__Given information__:

——

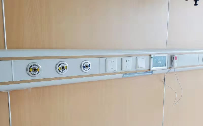 病房設備帶采用和裝飾墻板配色相近的杉木紋條和白色,每個床位安裝一個氧氣終端、兩個吸引終端、兩個電源插座、一個床頭燈和開關(guān)、一個7寸液晶顯示信息化呼叫器分機。
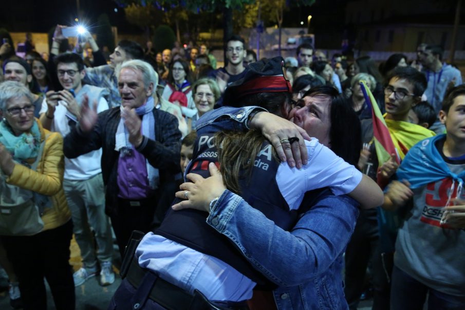 L’acte ha acabat amb el cant dels Segadors i amb abraçades dels ciutadans amb els Mossos, que s’han emocionat.
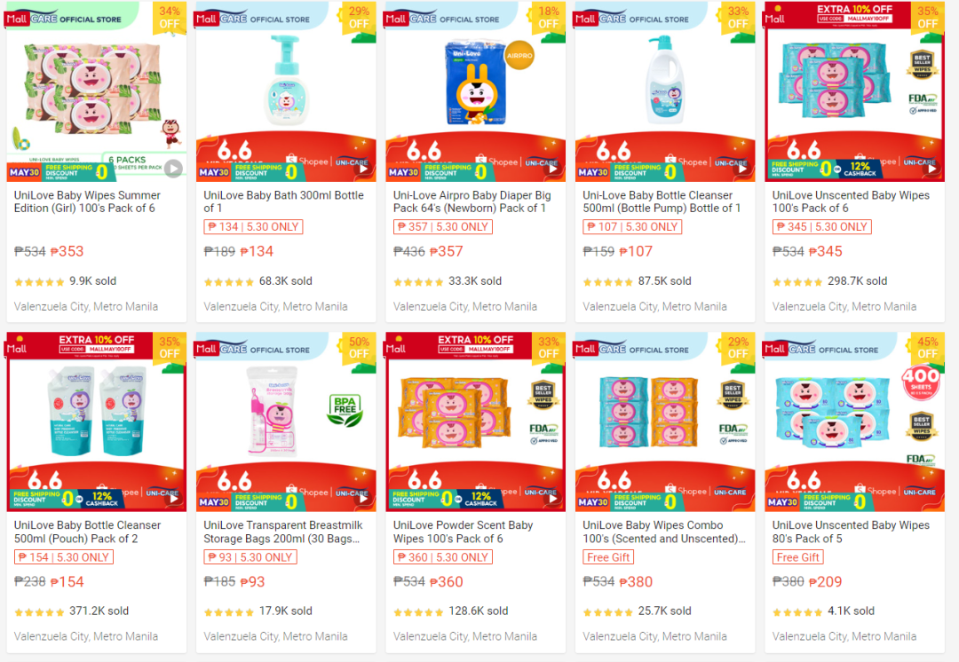 由于該品牌入局較早,有了一定的粉絲基礎(chǔ),以及品牌影響力,所以在shopee和TikTok Shop平臺銷量可觀,品牌將旗下的產(chǎn)品分割成不同的子品牌,便于寶媽消費(fèi)者查看用品,而shopee站點(diǎn)的首頁可以發(fā)現(xiàn),該品牌目前推出多種活動,并且近期正在準(zhǔn)備shopee的6.6大促。
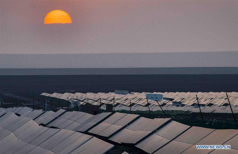 Photo taken on Sept. 18, 2018 shows a PV power plant in Turpan, northwest China's Xinjiang Uygur Autonomous Region. Xinjiang has seen a surge in the electricity generation from clean energy. According to State Grid Xinjiang Electric Power Co., Ltd., wind and solar power generated 27.81 billion and 9.07 billion kilowatt hours (kwh) of electricity, respectively, in the first nine months of 2018 in the region. With abundant wind and solar resources, Xinjiang is a pioneer in using new energy in China, with installed new-energy capacity having exceeded 27 million kilowatts so far. [Photo/Xinhua]
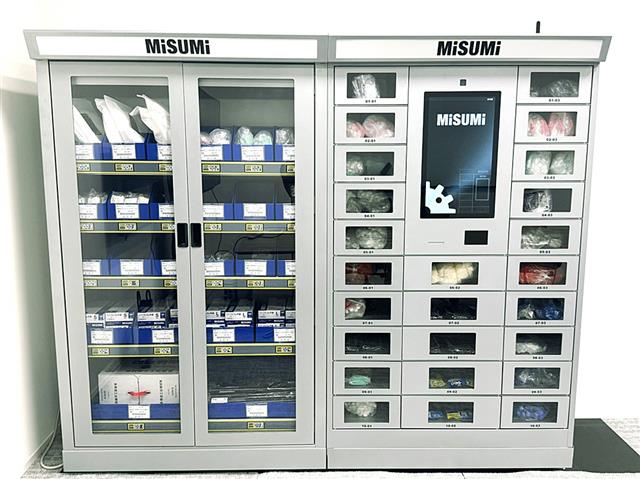 自販機の形式で手袋など間接材を必要な時に利用できる
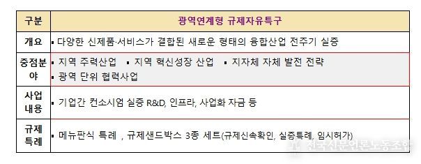 ‘광역연계형 규제자유특구’는 2개 이상의 지방자치단체가 연계·협력하여 특구를 공동 기획·운영하는 방식으로, 다양한 신제품·서비스가 결합된 형태의 융합 산업을 실증하는 새로운 유형의 규제자유특구 모델이다. 이를 통해 개별 지자체 단위에서 추진이 어려웠던 대규모·복합 실증이 가능해질 것으로 기대된다.
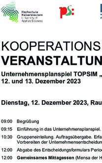 Vom 12. bis 13. Dezember 2023 findet an der Hochschule Kaiserslautern, Campus Zweibrücken, Raum A105 von jeweils 9 bis 16 Uhr das Unternehmensplanspiel TOPSIM unter dem Motto Management Essentials statt, in dem sich die Berufsbildenden Schulen Pirmasens und Rodalben einen Schlagabtausch um das bessere unternehmerische Geschick und Gespür liefern.
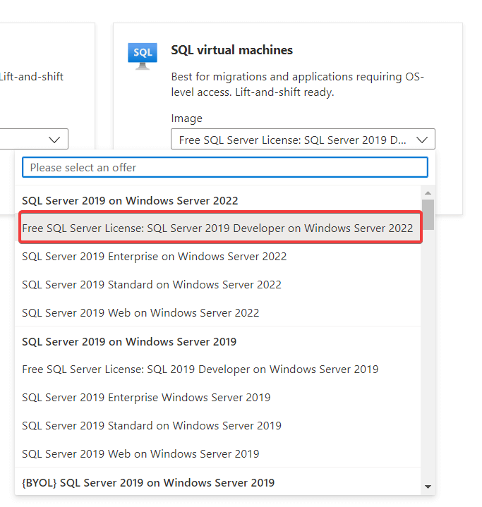 可以使用 Serverless 的 SQL Databases 或者是 PaaS 的 SQL Managed Instances,但這兩種解決方案費用上都納入了 SQL Server 的 License。對於只是要做 POC 的開發人員而言,無法使用到 SQL Server Developer 版本免費的好處 🤨
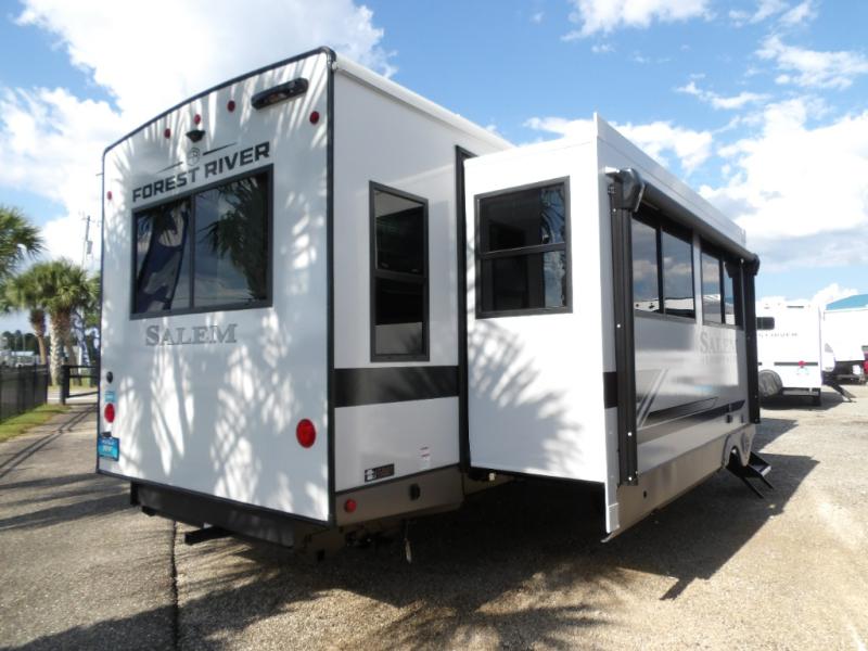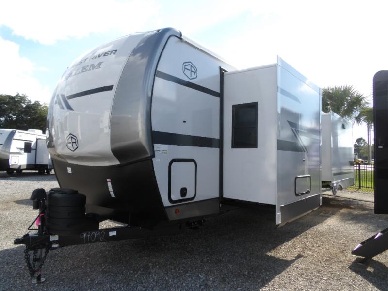 The Salem Hemisphere fifth wheels and travel trailers by Forest River are packed with features, while still being value-minded! Each model is constructed with laminated "Aluma Frame" sidewalls and floor with block foam insulation plus full length barreled ceilings for added head space. There are LED awning, marker and tail lights outside, along with an extra large pass-thru storage with slam latch baggage doors, plus solar prep and Lippert On-The-Go ladder prep. The 60K on-demand tankless water heater will provide endless hot showers, and the JBL sound system includes a head unit plus interior and exterior speakers to keep the party going. There are also many interior comforts found throughout that will make you feel right at home!

——

__What this task involves__: What are the lines in the records above, word for word, from the one containing "自販機の形式で手袋など間接材を必要な時に利用できる" through the one containing "가능해질 것으로 기대된다.", both ends included and pictures left out?

__Output for this exercise__:
 自販機の形式で手袋など間接材を必要な時に利用できる
 ‘광역연계형 규제자유특구’는 2개 이상의 지방자치단체가 연계·협력하여 특구를 공동 기획·운영하는 방식으로, 다양한 신제품·서비스가 결합된 형태의 융합 산업을 실증하는 새로운 유형의 규제자유특구 모델이다. 이를 통해 개별 지자체 단위에서 추진이 어려웠던 대규모·복합 실증이 가능해질 것으로 기대된다.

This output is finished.